**GIVEN DATA**:
# # # # #

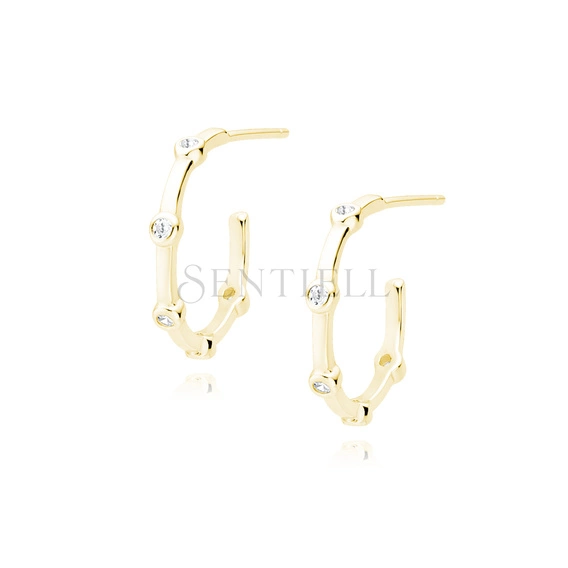 Silver (925) gold-plated earrings open hoop with white zirconias
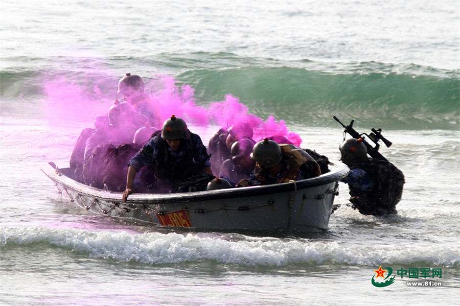 A steamboats just arrives at the beach. (China Military Online/Liao Zhiyong)
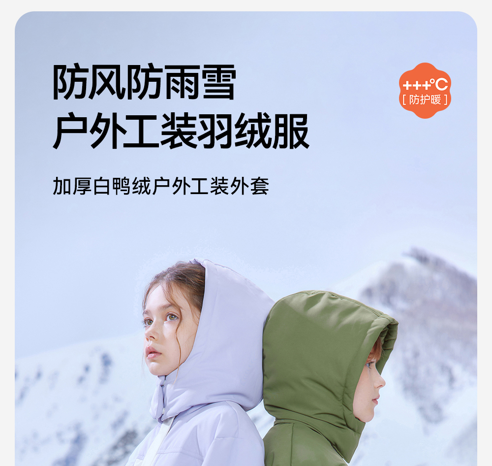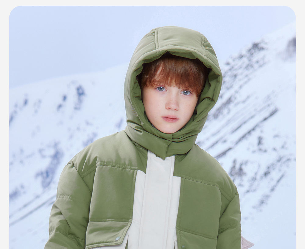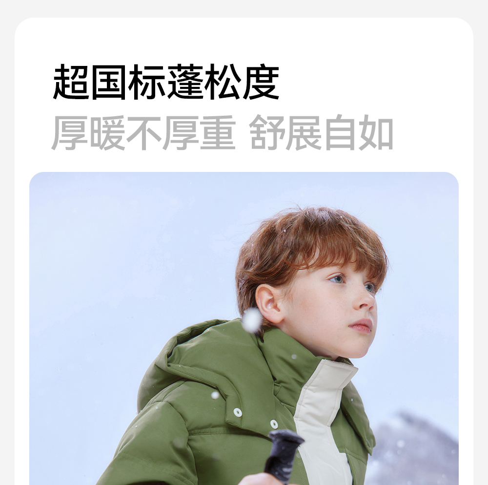 英氏儿童羽绒服冬季保暖连帽羽绒外套中大童防寒羽绒服超韧绒

# # # # #

**PROBLEM DESCRIPTION**: Pictures are to be dropped, and the lines from the line with "A steamboats just" through the end of the material above are to be reproduced exactly.

**EXPECTED ANSWER**:
 A steamboats just arrives at the beach. (China Military Online/Liao Zhiyong)
 英氏儿童羽绒服冬季保暖连帽羽绒外套中大童防寒羽绒服超韧绒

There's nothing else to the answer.